Descriptive Statistics
Introduction
Focus on Descriptive Statistics in Criminal Justice Methods.
Difference between Descriptive and Inferential Statistics.
Descriptive Statistics
Purpose: To describe phenomena through data summarization.
Methods of summarization include averages, dispersion, and ranges.
Dataset Overview
Fake dataset provided as a teaching tool.
Columns include: Respondent ID, Name, Gender, Gender Recode, Number of Times Shoplifted.
Respondent IDs are assigned anonymously for privacy.
Gender is nominal data and recoded into binary numbers (e.g., Male = 1, Female = 0).
Types of Data
Nominal Data
Cannot be ordered.
Example: Gender – no natural hierarchy exists.
Utilizes numerical values for convenience in analysis.
Variables and Records
Each column represents a variable; each row represents a case or record.
Unit of analysis refers to the type of entity being studied (e.g., individuals in this dataset).
Statistics Types
Univariate vs. Bivariate Statistics
Univariate Statistics: Analysis of one variable (e.g., average shoplifting).
Bivariate Statistics: Analysis of the relationship between two variables.
Typically, univariate statistics are descriptive while bivariate statistics are often inferential.

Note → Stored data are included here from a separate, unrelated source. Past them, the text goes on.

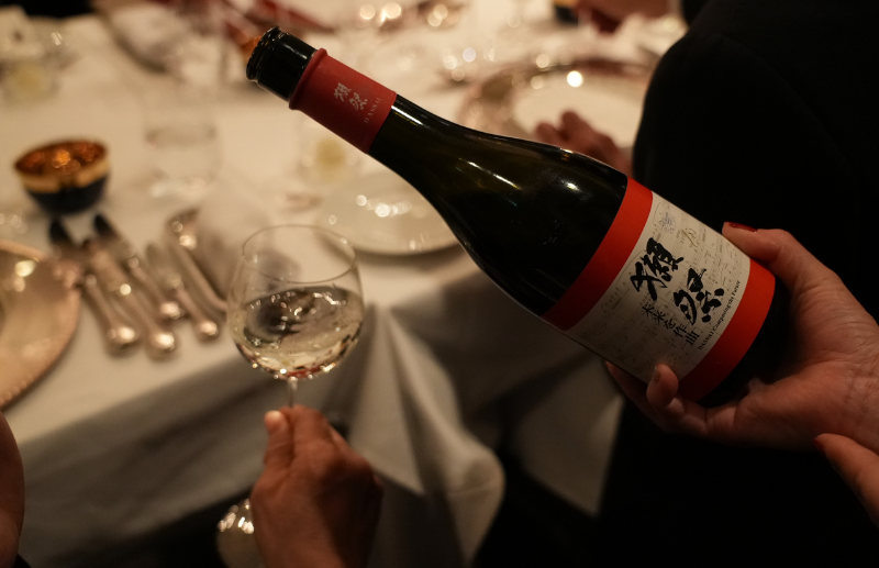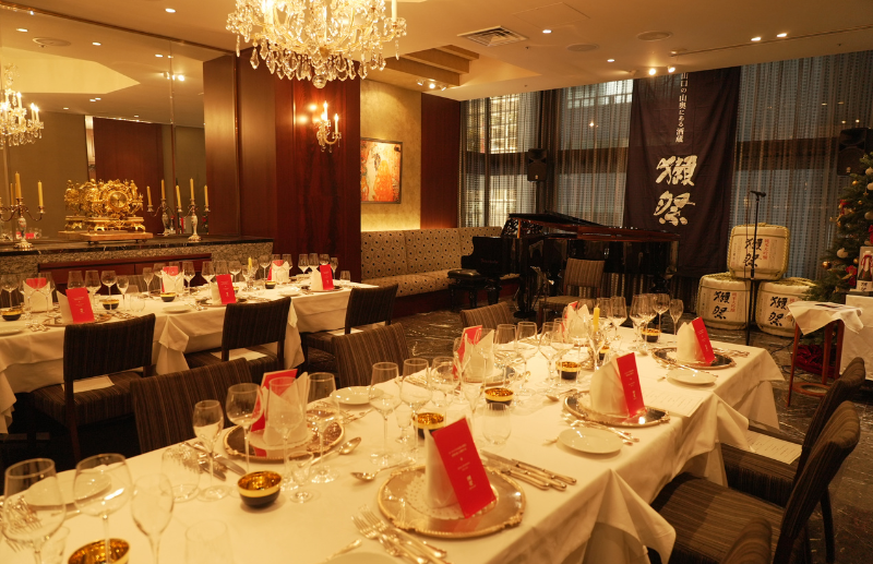 獺祭にとっても初めての試みは、まさに「未来を作曲」というテーマにふさわしいではないか。そしてそのご縁を機に、オーストリアを代表するガラスメーカー、ロブマイヤー社と陶磁器メーカー、アウガルテン社と共同でオリジナルのグラスと酒器を製造。こうした国を超えた文化交流の意義を伝えたいと、去る、12月26日に正統派のオーストリア宮廷料理を供する「銀座ハプスブルク」で音楽、日本酒、酒器、料理のコラボレーションを楽しむ晩餐会が開かれた。生演奏を聴きながら、美酒と美味のマリアージュを楽しむ、なんとも贅沢な会となった。ロブマイヤーのオリジナルのグラスでは「獺祭 未来を作曲」の香りが華やかに弾け、アウガルテンの酒器では「獺祭 未来へ 農家とともに」をじっくり味わうという、コラボレーションの魅力をいかんなく発揮する趣向がこらされた。こうした海外との交流がますます獺祭の酒造りの幅を広げ、磨いていくのであろう。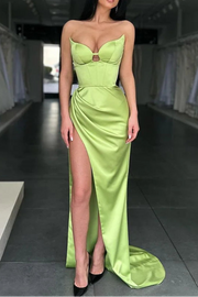 Light Green Sweetheart Mermaid Off Shoulder Evening Dress With Split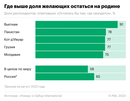 По мере роста благосостояния уменьшается импульс к эмиграции. В странах с доходом выше среднего (к ним относится Россия) и высоким уровнем дохода эмигрировать в среднем хотят 32% жителей. К примеру, во Франции на переезд готовы 30% опрошенных, в США и Германии — 33%, в Великобритании — 36%, в Италии — 37%.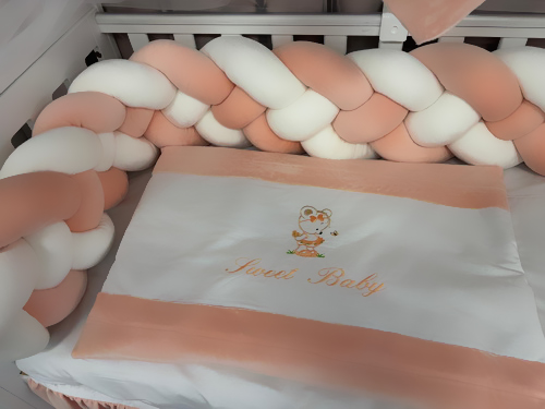 Catifeaua moale, plăcută la atingere, oferă un aer rafinat camerei, iar bumbacul 100% natural de pe interior asigură un somn liniștit, fără iritații. Lateralele împletite oferă protecție și un aspect unic, perfect pentru părinții care vor ceva mai mult decât o lenjerie clasică.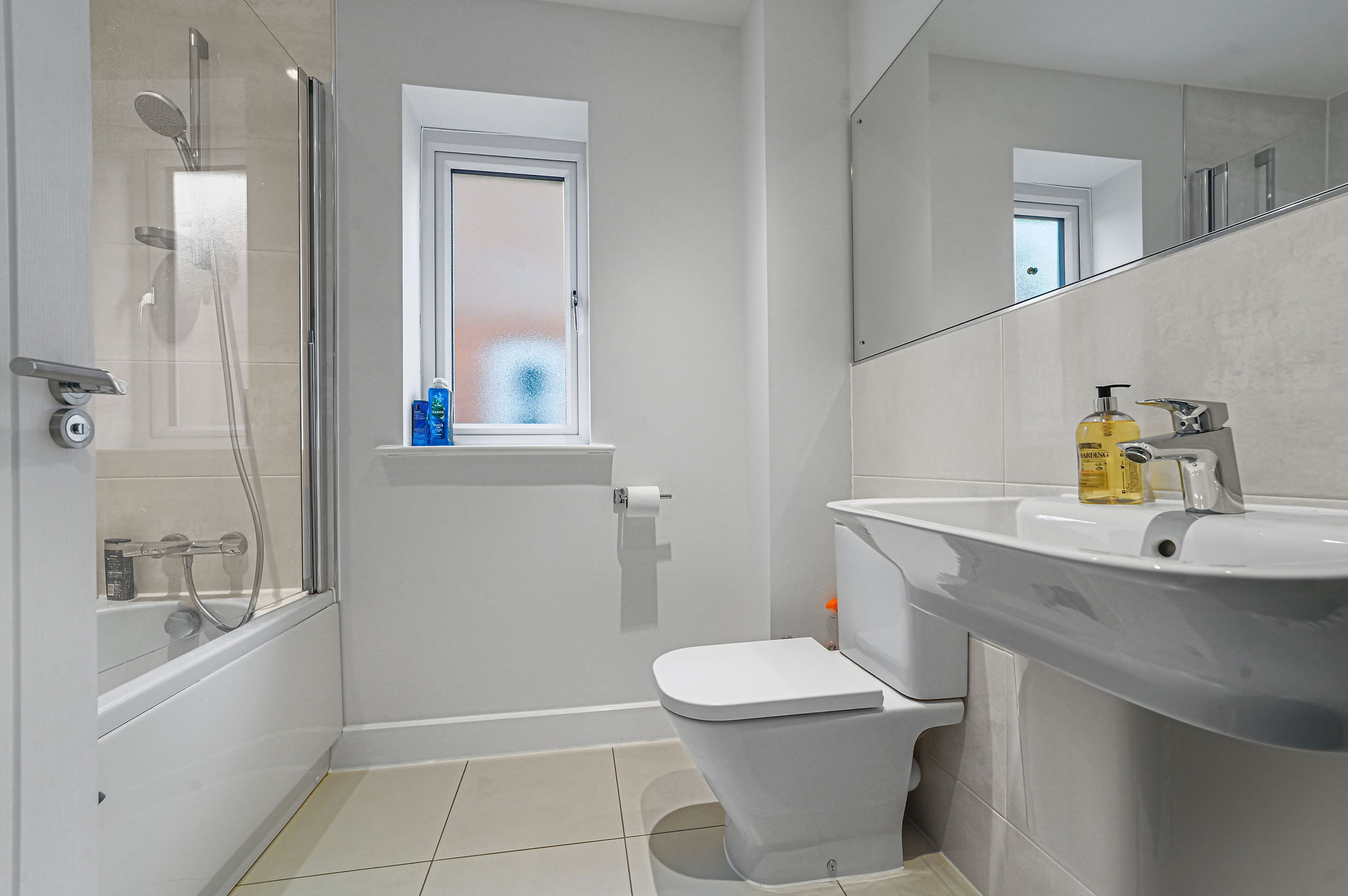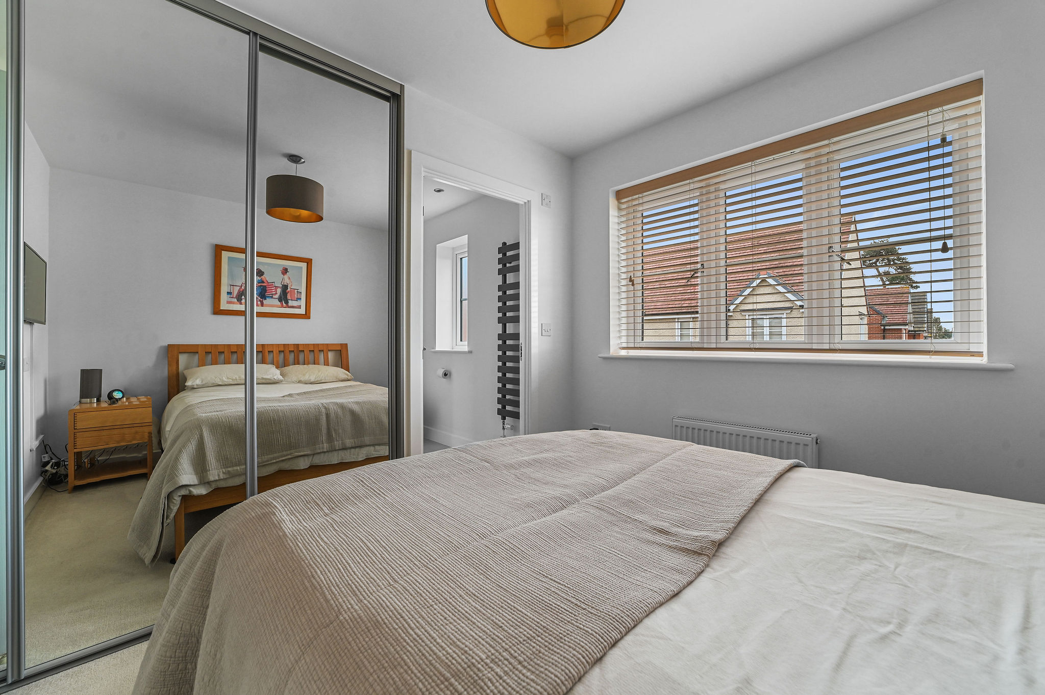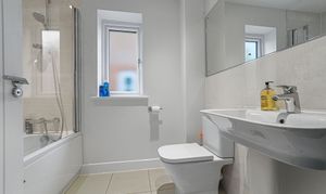 Upstairs, the home continues to impress with three well-proportioned bedrooms and two stylish bathrooms. The principal bedroom benefits from built-in wardrobes and a beautifully finished en-suite shower room, while the remaining bedrooms offer flexibility for guests, children, or a home office. The family bathroom is sleek and contemporary, featuring a modern three-piece suite with tiled surrounds and quality fixtures, providing a tranquil space to relax and unwind.
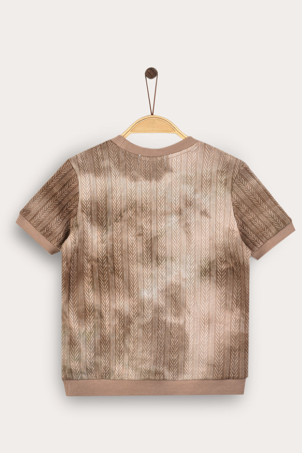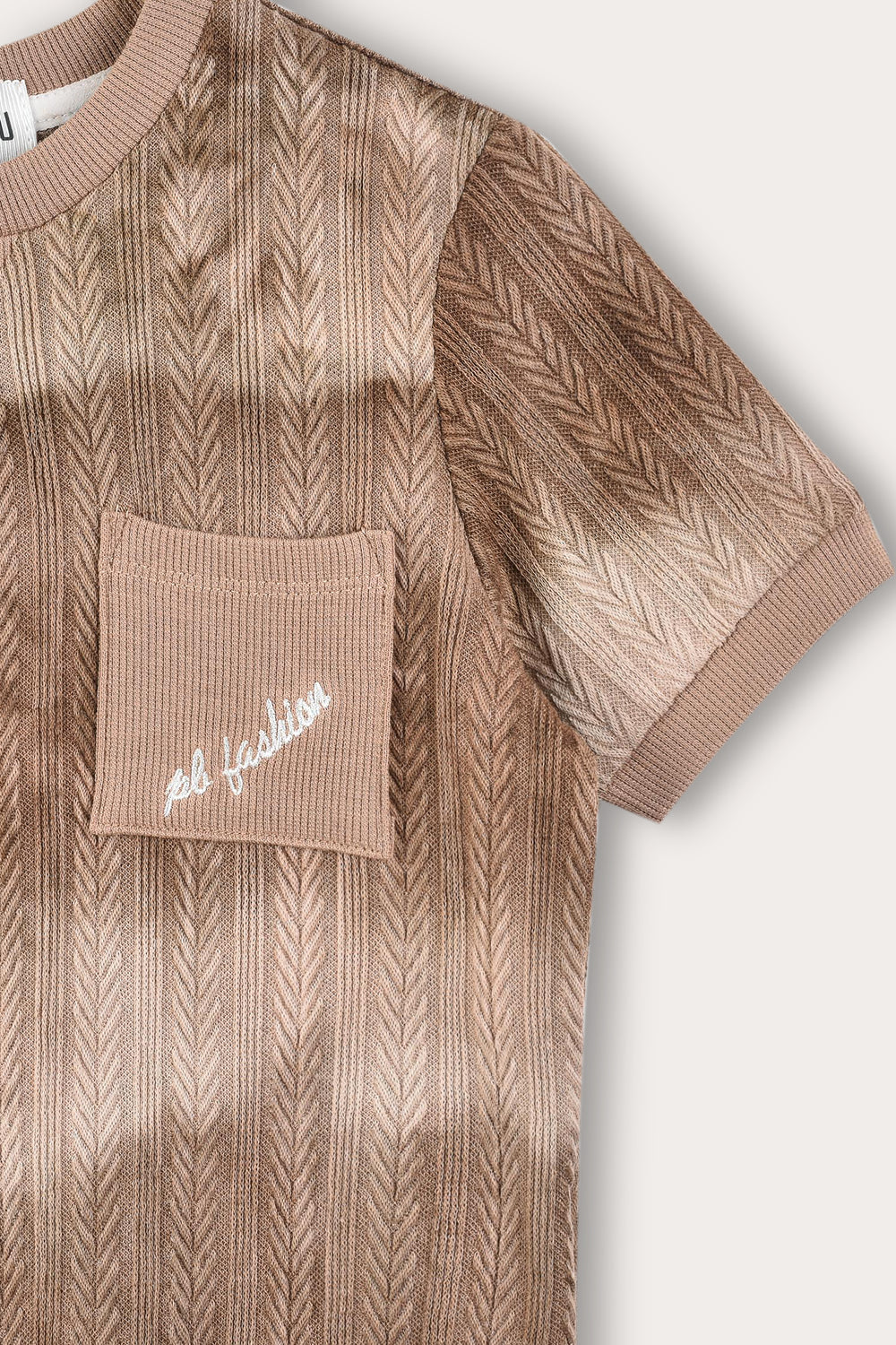 A fashionable boys' shirt in a tie-dye design with a unique look. Made of a flexible and comfortable knit fabric with a delicate braid pattern. The cut includes short sleeves, a round neckline, a neat ribbed finish for maximum fit and a side pocket with embroidery - completing a practical and meticulous appearance. Suitable for everyday use and family outings.

Measures of Central Tendency
Mean: The average of the data points.
Median: The middle value when ordered.
Mode: The most common value in the dataset.
Example Calculation: For shoplifting dataset:
Mode = 0 (most frequent),
Median = 1.5,
Mean = 2.4.
Normal Distribution
Describes how data is distributed in a bell curve shape.
In a normal distribution: mean, median, and mode are equal.
Skewed Distributions:
Positive skew: Tail extends to the right, mean > median.
Negative skew: Tail extends to the left, mean < median.
Dispersion of Data
Definition of Dispersion
Dispersion measures how spread out the data is.
Range vs. Standard Deviation
Range: Difference between highest and lowest values.
Standard Deviation: Indicates how much individual data points differ from the mean.
Sought after because it uses all values, not just extremes like range does.
Theoretical Normal Curve
Standard deviations help to explain the probability of values occurring in a normal distribution.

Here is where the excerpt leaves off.